Some of our entities have a list of PDF documents they “own” which have a couple of attributes (e.g. id, type, name, expiration date, …). In the UI (editing, change history, …) those documents are always part of the owning entity. To avoid having to convert back and forth between a representation where the documents are their own entity and one where they aren’t we decided to make documents part of the owning entity on the DB side as well.
This of course has the issue that we can’t use document attributes in datalog queries because XTDB only indexes entity attributes one layer deep. A workaround we’re considering to implement is to create secondary entities derived from the documents in the primary entities containing the document attributes and a reference to the owning entity. This has the advantage that we can use the indexes created from the secondary entities within our datalog queries (including time-travel, which would be much harder if we created our own external indexes) and disadvantage that we’re polluting our DB with derived data.
in the UI those documents are always part of the owning entity
I might be misunderstanding what is meant by this, but I think this is quite a common pattern. Even if XTDB 1.x indexed nested attributes, there would still be situations wherein you might want to break apart entities for storage and recombine them for display.
disadvantage that we’re polluting our DB with derived data.

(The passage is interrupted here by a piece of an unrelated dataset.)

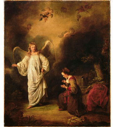
Fig 3. Ferdinand Bol, Hagar and the Angel , ca. 1650, oil on canvas, 115.6 x 97.8 cm, Museum Pomorskie, Gdansk

The story of Hagar was one of the most frequently portrayed Old

As long as you are conscious of the derived data, I don’t see this as a problem. However, I’m a bit confused as to how querying the derived data is any better than storing the secondary entities separately, as far as your query and display is concerned – doesn’t this still introduce a translation step?
If you are using Datalog, it is possible that the pull syntax may save you some grief here?
If you are going to denormalize the document, could you just instead flatten the structure and save the document fields in the same level as the “parent” entity, perhaps using namespaced keys?
That is, instead of having {:field-a a :field-b :document doc :document-prop-a doc-a} have {:field-a a :field-b :doc/field-a doc-a :doc/field-b doc-b} and so on
One could consider using the secondary entities to find the primary entities as a translation step, but since those already contain all the data there would be no recombination needed.
I hadn’t thought about pull syntax as IIRC in terms of “querying power” it’s a subset of datalog but it certainly would make the recombining easier. Something to consider.